Overall, the ability to deduct interest should be considered a nice perk for taxpayers who would have to finance a purchase anyway but certainly should not be a reason for someone to purchase a higher-priced brand-new vehicle over a used car just for the tax deduction.

Expanded use of 529 accounts

A full examination of the additional uses for 529 account funds warrants a separate article, but one change to the rules may be of particular interest to CPAs and other professionals with licensure and continuing education requirements — H.R. 1 expanded the use of tax-free 529 withdrawals to pay for continuing education and professional license fees. While self-employed professionals may still see a better tax result by deducting these fees as a business expense rather than making a 529 withdrawal, clients in professions that require ongoing certification that may not be fully financially supported by employers may find some state income tax relief in this change.
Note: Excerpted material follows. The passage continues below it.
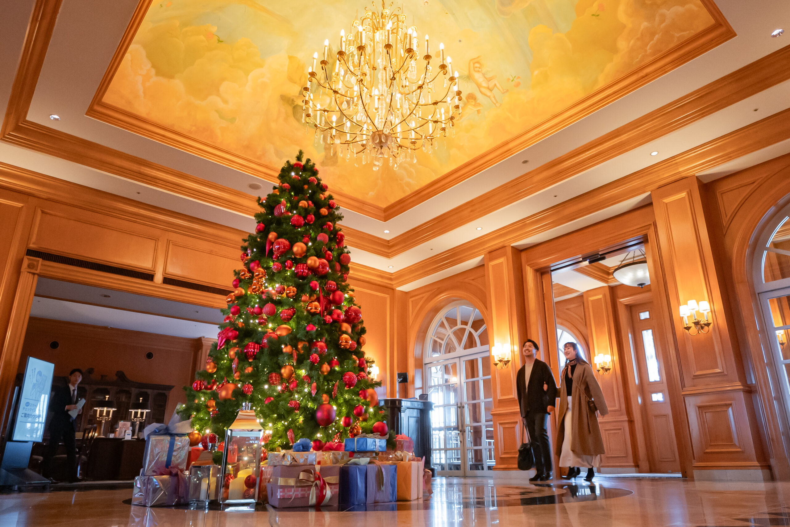 中に入ると、見上げる程高い天井の吹き抜けのロビーが印象的なリゾートホテル。大きな窓の外には碧い海、春の柔らかい日差しがたっぷりと降り注ぎます。まるで海外 の豪華客船のような内装に心躍らずにはいられません。
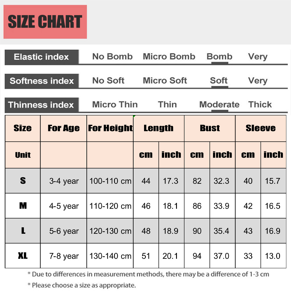 Please Choose Size according to Suggestion of the size chart , Size S is fit for 3-4 years , height 100-110 cm Size M is fit for 4-5 years , height 110-120 cm Size L is fit for 5-6 years , height 120-130 cm Size XL is fit for 7-8 years , height 130-140 cm

For example, Patrice is a part-time physical therapist who works for a small practice in Michigan. Her employer offers a small annual stipend for continuing education, but it is not enough to cover the full cost of her annual required continuing education classes in physical therapy. One way for Patrice to take advantage of this expanded 529 use is to open a 529 plan in the state of Michigan and contribute any amounts she anticipates spending on continuing education classes beyond her employer stipend, then taking the Michigan income tax deduction (up to $10,000 per year since she’s married) for the contribution before paying her expenses.

While numerous other elements to H.R. 1 impact clients’ lifetime tax bill and other financial planning decisions, CPAs might find these three points are relevant to their own family finances as well as those of the average working American.

For more information, don’t miss the ongoing H.R. 1 PFP MasterClass Series, which offers webcast deep dives into the personal financial planning implications of the new law. And bookmark the AICPA’s tax changes hub, the go-to library for all things H.R. 1.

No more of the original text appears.